Legal Graphic Design Thinking

Legal design thinking is the cross-discipline of legal thinking, design thinking, visual thinking, and user experience (UX) design. Legal Design Thinking revolves around developing a deep understanding of the people for whom legal solutions should be designed. Legal Design Thinking frames the problems in human-centric ways, adopting a hands-on approach in experimentation, sketching, prototyping, testing, and trying out solutions (you can read more here).

There is plenty of literature and information about Legal Design Thinking. However, I want to introduce a new concept. I want to introduce the idea of Legal Graphic Design Thinking.

What is Legal Graphic Design Thinking?

Collaboration between designers and lawyers is on the rise. Other than the obvious benefit that a designer brings color into the mostly black and white legal industry, there is so much value in legal content that is accessible, simple, and visually alluring. Ultimately, lawyers should aspire to deliver legal services and content in a way that is useful and engaging to a wider range of people.

Graphic design is the craft of creating visual content to communicate content. Even if graphic designers use interactive software, graphic design still requires a deep understanding of typography, imagery, color, and forms.

Graphic design has been successfully used worldwide for many years in every industry to drive innovation and improve products and services. However, the legal industry has only scratched the surface of the possibilities when it comes to the use of graphic design.

Graphic designers, like lawyers, frame and define the problem, brainstorm ideas, and create a solution. However, for lawyers and graphic designers’ creativity is more than an inborn talent. It is a hard-earned skill that improves with practice.

Laws and the formulation of legal content is, usually, complex and in plain Word documents. I could argue that the lack of images, color, and an engaging structure leads to confusion and frustration from users. However, Legal Graphic Design Thinking can create a bridge between the legal world and ordinary uses of the legal system.

Legal Graphic Design Thinking can make the law more accessible, more usable, and more engaging. Lawyers can use work with graphic designers and create information that is user-friendly and easy to understand. In other words, lawyers could use the skills from graphic designers to simplify legal content.

For example, Dan Roam in Blah Blah Blah: What To Do When Words Don’t Work has advocated the use of graphics and charts to better communicate ideas between people.

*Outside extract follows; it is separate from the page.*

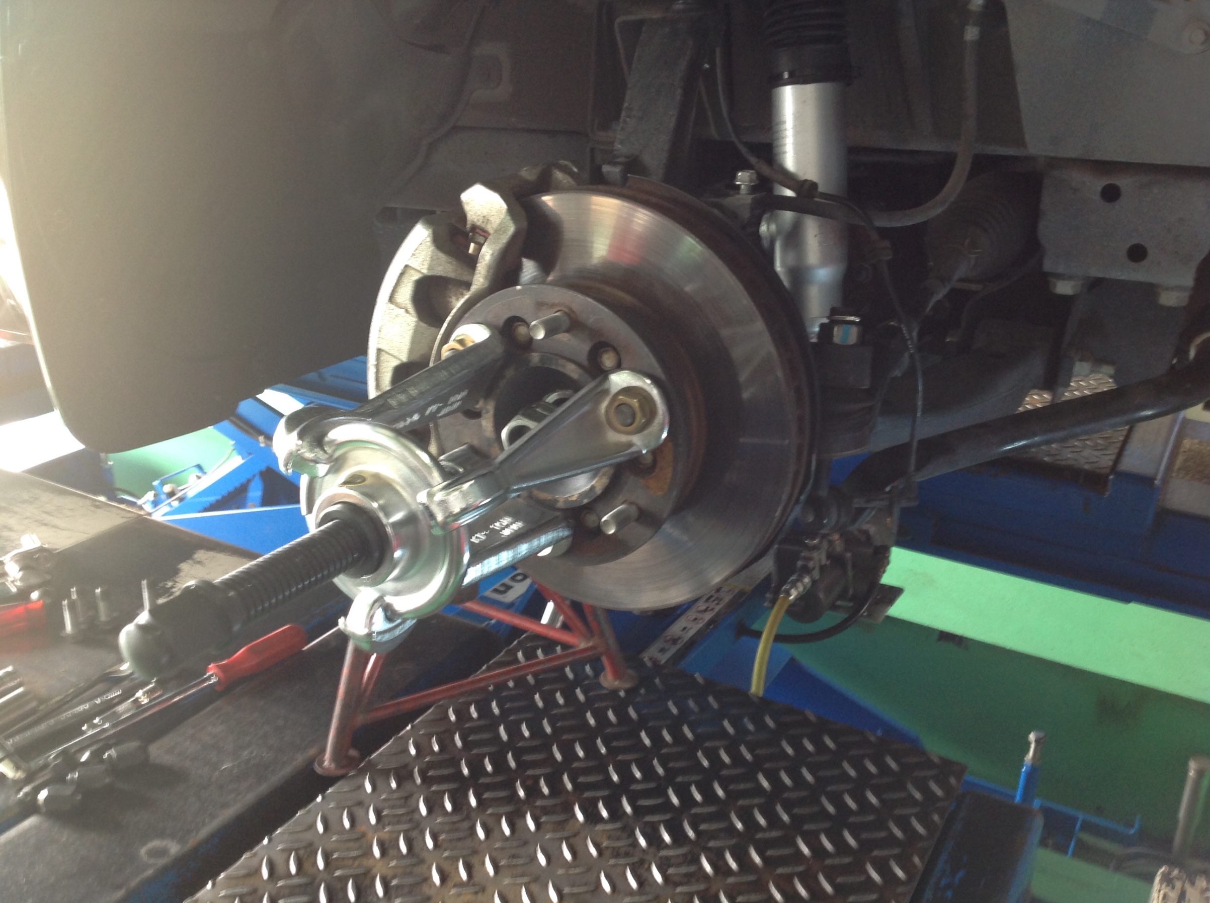 次にフロントのローター交換です。まだ車が新しいので、ハブも簡単に抜けるだろう思っていたのが甘かった。

Legal Graphic Design Thinking is not about substituting pictures for words but having additional images that best represent legal information.

One example of Legal Graphic Design Thinking is the use of visual contracts. Visual contracts are an emerging discipline and part of a broader movement to simplify the law in which diagrams, illustrations, flow charts, hierarchies, and other data-visualization tools express contractual terms, relationships, and concepts. For example, Shell started using visual contracts in its marine lubricant sale agreements to avoid lengthy negotiations.

In May 2018, Aurecon became the first company in Australia to introduce visual employment agreements across its entire workforce. Aurecon’s global chief people officer expressed that the thinking behind introducing visual contracts was to avoid the complexities of written agreements. Furthermore, she expressed that if employees can easily understand what they are signing, trust will be built from the beginning of the employment relationship.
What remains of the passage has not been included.